Podemos plantear la cuestión de la siguiente manera: la teoría evolucionista de las especies expresa aproximadamente que en la competencia por seguir existiendo sobreviven aquellas especies cuyo desarrollo previo las hagan más adaptables a eventuales cambios en el entorno y más aptas para competir con otras especies en la lucha por la vida. La razón de esto es que cada especie, considerada como la agregación de sujetos que comparten similares determinaciones biológicas y formas de supervivencia, tiene una determinada serie de condiciones que la hacen apta para la vida, que consiste en la lucha entre sistemas biológicos (cada animalito o conjunto de animalitos –o plantitas u honguitos– frente a otros) instalados en un sistema general que no es biológico (cada animalito o conjunto de animalitos –o plantitas u honguitos– frente a un espacio geográfico-climático del planeta). La construcción que determina la composición de sistemas biológicos y topográficos que enfrenta una especie es lo que se suele denominar hábitat, que es el espacio en el cual se desarrolla la competencia por la supervivencia.
Hoy sabemos que la duplicación imperfecta de la información genética de generación en generación durante el proceso reproductivo de cada especie provoca la aparición de un número indeterminado de mutaciones en el resultado final. Muchas de estas mutaciones son inocuas, pero otras pueden provocar una gradual incapacidad adaptativa de la especie y otras, por el contrario, puede permitir la adaptación ante eventuales cambios en el hábitat. Los cambios sobrevivientes considerados como sucesión y medidos en largas escalas de tiempo es lo que se llama “evolución” de una especie, y depende fundamentalmente del azaroso ciclo de continuidades y cambios en el hábitat, sea en el entorno climático y topográfico, sea en las especies competidoras. Lógicamente, los largos plazos de la evolución permiten anotar regularidades en la “competencia” que pueden inducir a pensar en un plan racional: al león le crecen dientes más largos, las gacelas se hacen más rápidas, los guepardos se hacen más rápidos todavía, los ñus desarrollan cuernos más largos, los leones aprenden a reconocer presas débiles, aumenta la natalidad de las gacelas y este tipo de secuencias que son frecuentes en los “relatos” de la evolución, pero que tienen como arquitecto principal al humilde azar.
Hay especies que presentan un esquema corporal y reproductivo tan simple que no han cambiado mucho desde su aparición, otro tienen un esquema tan eficiente que tampoco cambian demasiado; algunos desarrollos alcanzan el absurdo y la ironía, abundan los errores que sobreviven y aparentes éxitos que conllevan la extinción.

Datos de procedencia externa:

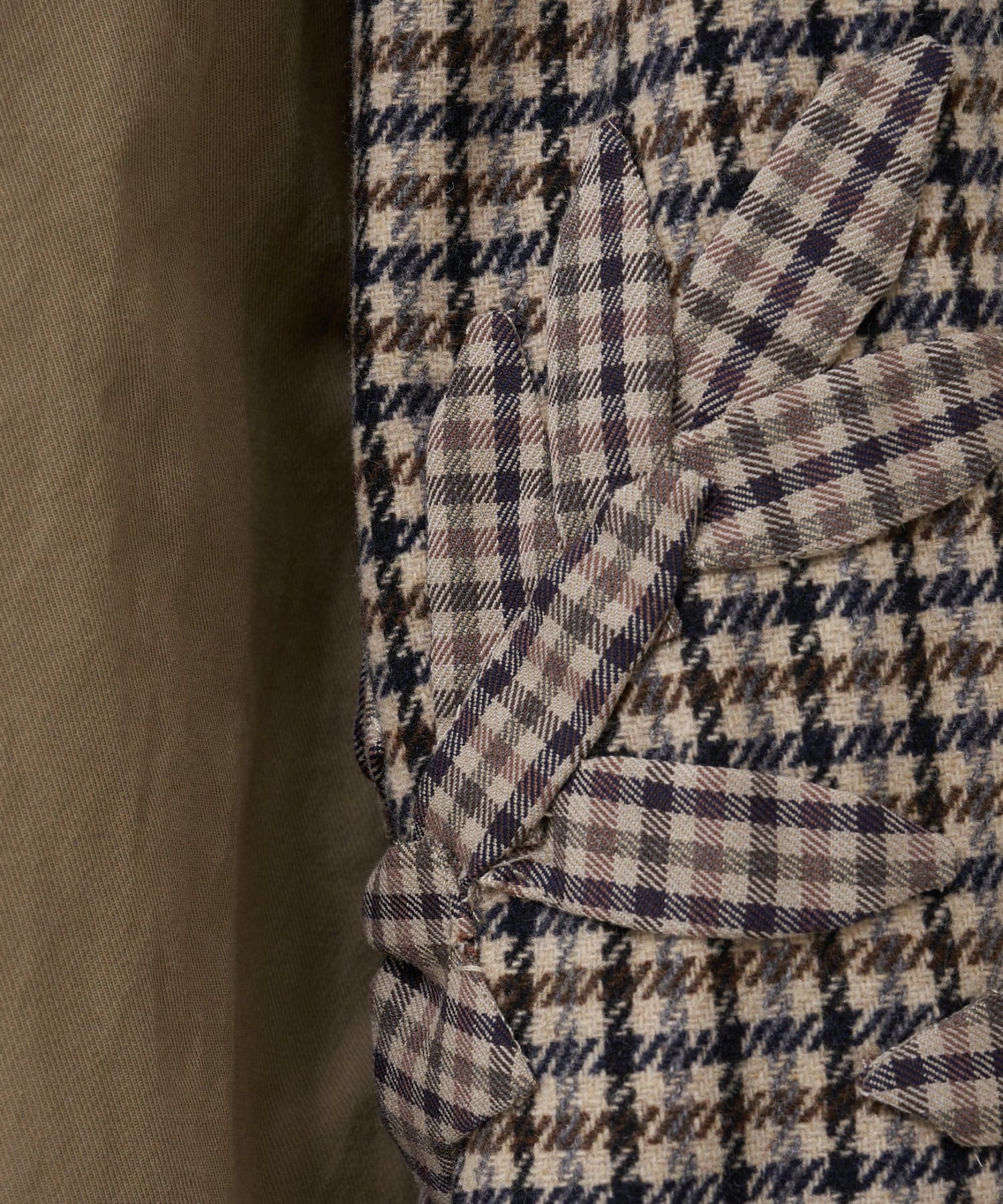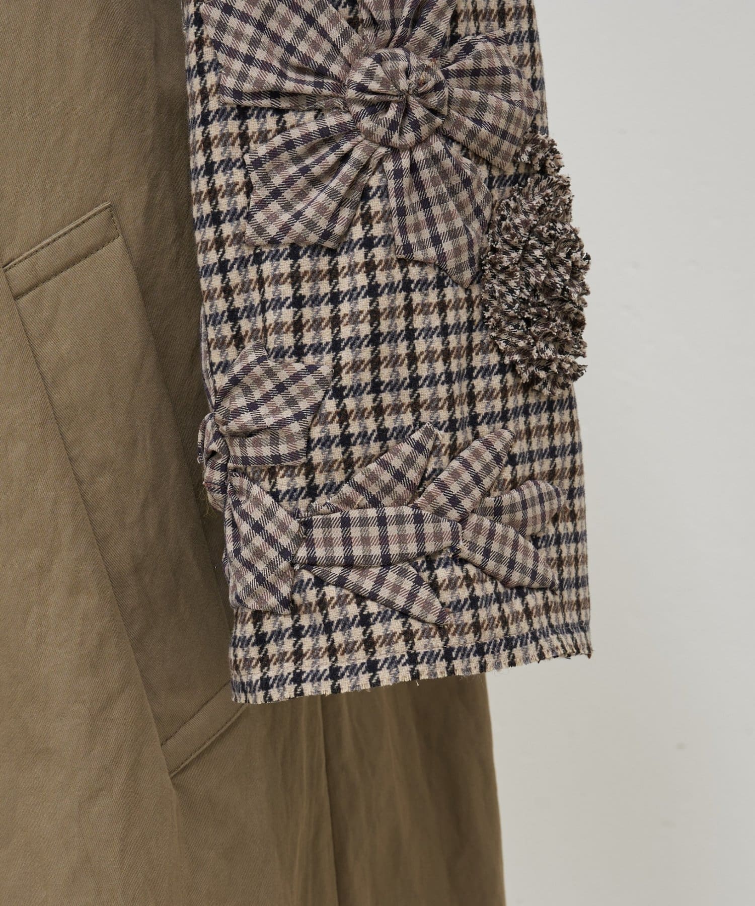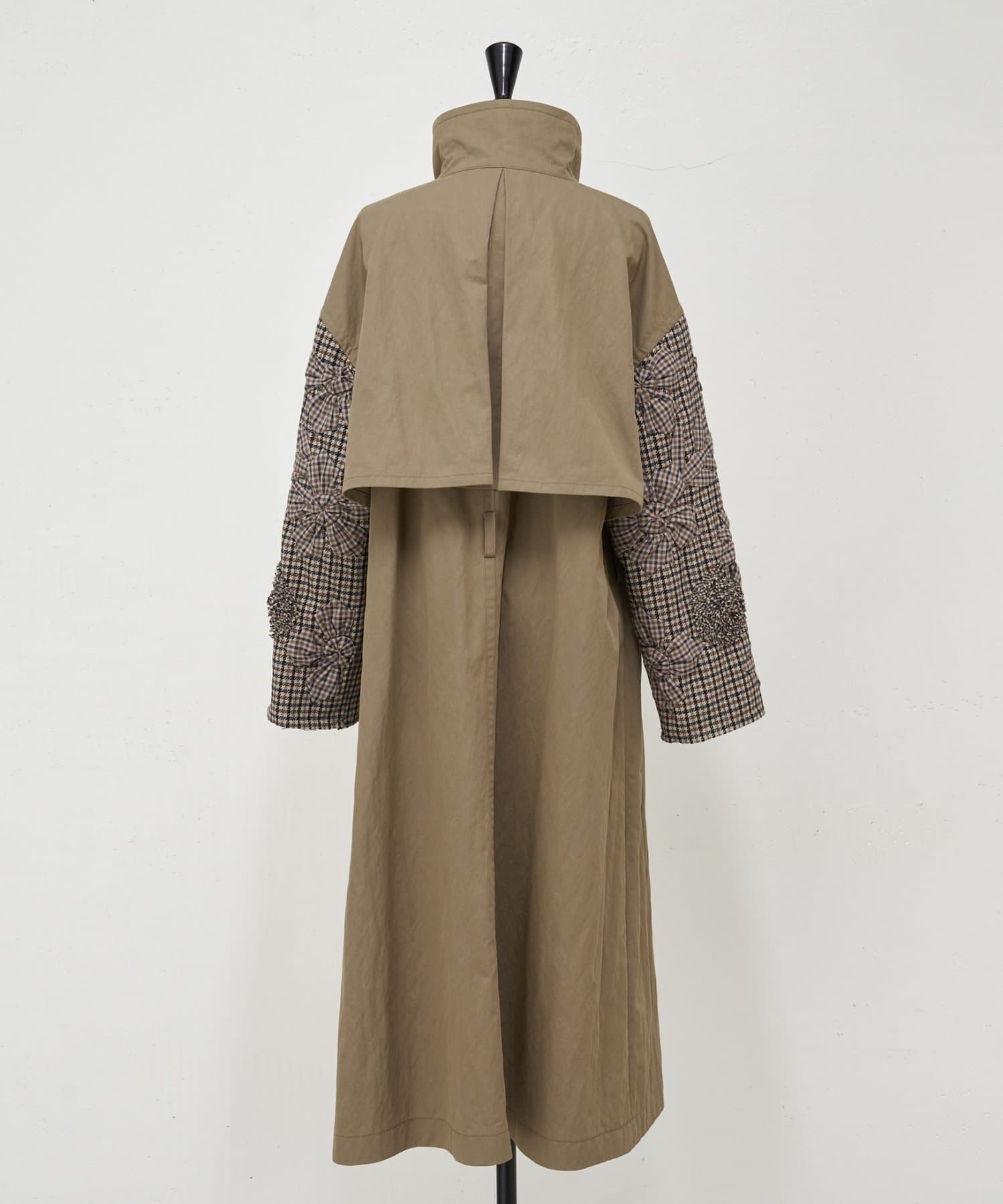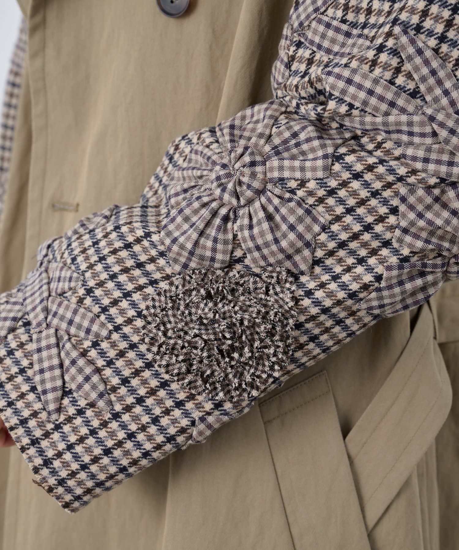 袖にはチェック柄に繊細な花の立体刺繍を重ね、職人の手仕事を思わせる奥行きと温もりを添えました。

Por eso no se trata de la supervivencia del más fuerte, sino tan solo del más afortunado o, en la jerga aceptada, del más apto. En muchas ocasiones no se trata de que los individuos sobrevivan, sino de que una condición de la especie la convierta en una competidora formidable en tanto especie.
Este paradigma, considerado de manera general, es apropiado e infalible en el larguísimo período que abarca desde la aparición de las formas más elementales de materia orgánica auto-reproducible hasta “casi” el momento presente.
¿Por qué “casi” hasta el momento presente? De hecho, puede decirse, la tesis es muy apropiada en el momento presente. Probablemente estoy equivocado, pero permítanme insistir un poco con algo que me molesta, y que convierte a la certidumbre de la teoría de evolución de las especies en una “casi” certidumbre.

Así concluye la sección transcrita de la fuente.